What Xenoverse 3 Is and Why the 50/50 Split Matters
Dragon Ball Xenoverse 3 is a next-generation fighting game and action RPG that divides its development resources evenly between a cinematic single-player Dragon Ball game story mode and a wide, online sandbox gameplay suite to create a hybrid experience for both narrative and competitive fans. Set in Age 1000, the game brings players back as Time Patrollers, now operating in a future West City that acts as both home base and battleground. Producer Masayuki Hirano describes Xenoverse’s genre space as unique because it offers a “definitive, highly engaging campaign” while also functioning as a “massive online sandbox to tackle with friends.” That clear 50/50 development split signals a design philosophy: solo story and multiplayer systems are being built side by side, not as primary mode and add-on, but as two equal pillars holding up the next stage of Xenoverse 3 development.

Age 1000, West City, and a Story Built with Toriyama
Bandai Namco is using Age 1000 to distinguish Xenoverse 3 from past entries and from Dragon Ball Z: Kakarot’s retelling of classic arcs. West City has grown into a major future hub, and your custom hero lives a double life: a student at West City University and a member of the Great Saiya Squad stepping into cosmic battles. The story adds a new cast—Brett, Lilica, ROM, and Tap—woven into this future era alongside familiar faces like Bulma and Gamma 1. Hirano notes that Akira Toriyama was heavily involved in shaping Age 1000’s worldview and character designs, turning the setting into a sandbox rooted in his ideas. Systems like Soul Switching and Soul Assist tie directly into the narrative, explaining how original avatars interact with legendary fighters while keeping the focus on a fresh Dragon Ball game story mode instead of rehashing past sagas.

Single-Player Campaign: A Dedicated Time Patrol Journey
Even with its online ambitions, Xenoverse 3 nails down its main campaign as a dedicated single-player experience. The structure echoes Xenoverse 1 and 2, focusing on the Great Saiya (or GS) Squad and your avatar’s personal journey through Age 1000’s mysteries. You balance campus life with patrol duties, interact with new and returning characters, and uncover why future technology enables Soul Switching between original heroes and iconic roster fighters. Hirano stresses that character creation and customization remain the “absolute core pillar of the franchise,” and the wider range of options is built to let players express exactly who they want to be. This time, fighting styles shift away from rigid builds toward an “addition” system, letting your Time Patroller grow into a multi-talented warrior rather than a locked class, reinforcing the story’s fantasy of becoming your own ultimate Dragon Ball hero.

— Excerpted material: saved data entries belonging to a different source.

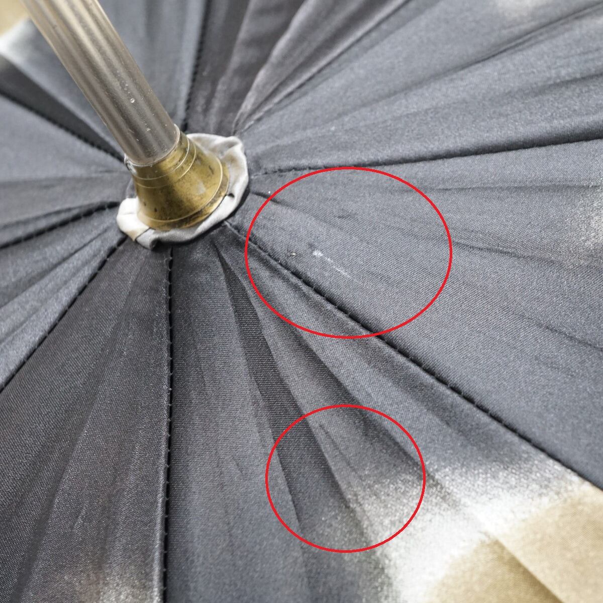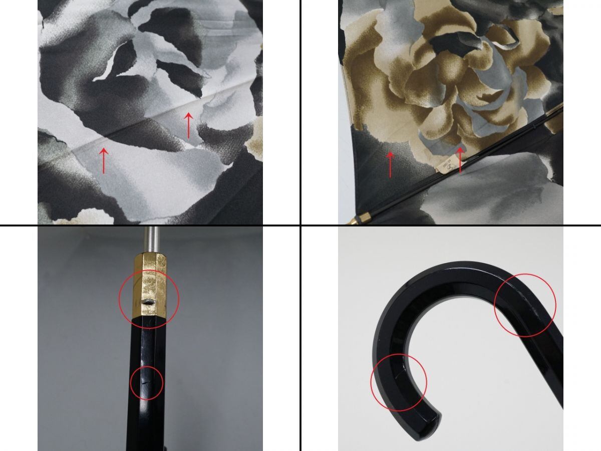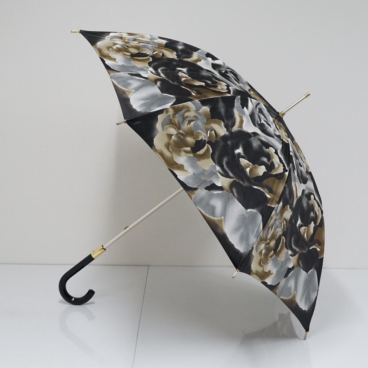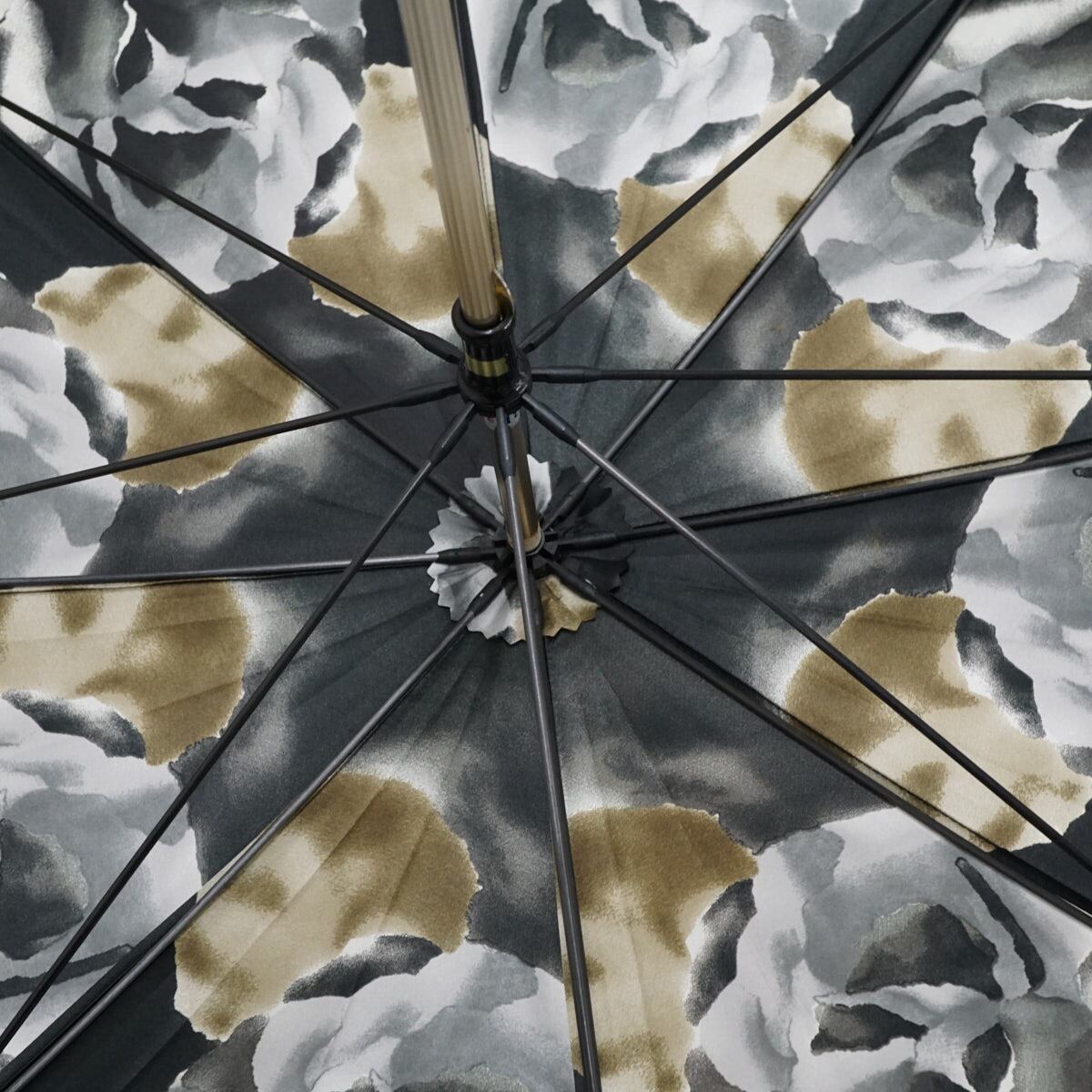 生地の光沢が美しく、大きくエレガントな薔薇柄が傘いっぱいに描かれています。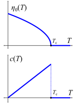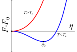 It is clear that this solution only exists for [math]\displaystyle{ T\lt T_c }[/math], otherwise [math]\displaystyle{ \eta= 0 }[/math] is the only solution. Indeed, [math]\displaystyle{ \eta= 0 }[/math] is the minimum solution for [math]\displaystyle{ T\gt T_c }[/math], but the solution [math]\displaystyle{ \eta_0 }[/math] minimizes the free energy for [math]\displaystyle{ T\lt T_c }[/math], and thus is a stable phase. Furthermore, the order parameter follows the relation
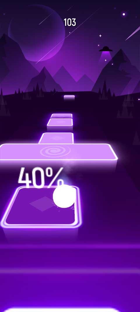 3、下面正式开始歌曲关卡,玩家在控制球体左右移动的过程中,还需要收集黄水晶,并且当玩家跳跃到一段道路时,方块上方会显示当前的进度。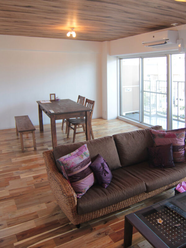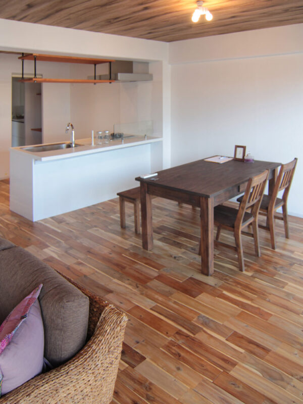 大阪府大東市の分譲マンションリノベーションで採用いただいたのは、アカシア ユニ 無垢フローリング【ラスティック】15×120×1820mm 自然塗料(透明つや消しオイル仕上げ)。

Online Sandbox Gameplay: Co-op, Competition, and Community
Parallel to the campaign, Xenoverse 3’s online sandbox gameplay is designed as a separate, massive pool of co-op and competitive missions. The main story remains solo, but the online suite invites friends to experience Age 1000 together, reflecting how “Xenoverse is a game heavily shaped by its community,” as Hirano explains. This structure lets Bandai Namco treat the online side as more than a bonus mode: it is the other half of the clean 50/50 split. The future tech concepts Toriyama helped define support shared play, with Soul Assist and Soul Switching hinting at tag-style strategies and team tactics that go beyond previous Xenoverse entries. By expanding customization and fighting styles, the online missions become a testing ground for long-range zoning builds, melee brawlers, or squad-focused setups—pushing Xenoverse 3 toward a next-generation fighting game that rewards both experimentation and competitive mastery.
Beyond Kakarot: A Next-Generation Fighting Game Evolution
Bandai Namco is positioning Xenoverse 3 as a major step forward for anime fighting game fans by promising battles that aim to one-up Dragon Ball Z: Kakarot. While Kakarot centered on retelling canonical arcs, Xenoverse 3 leans into a new era, a new city, and systems meant for both storytelling and intense combat. The equal focus on single-player and online design suggests a next-generation fighting game that respects narrative players while courting competitive and co-op communities. With Age 1000 as a blank slate, Toriyama’s direct input, an “addition” style build system, and a wider customization suite, the game is constructed to feel less like Xenoverse 2.5 and more like a franchise evolution. If Bandai Namco delivers on this dual-focus strategy, Xenoverse 3 could become the model for how licensed action RPGs handle story and online modes without sacrificing either side.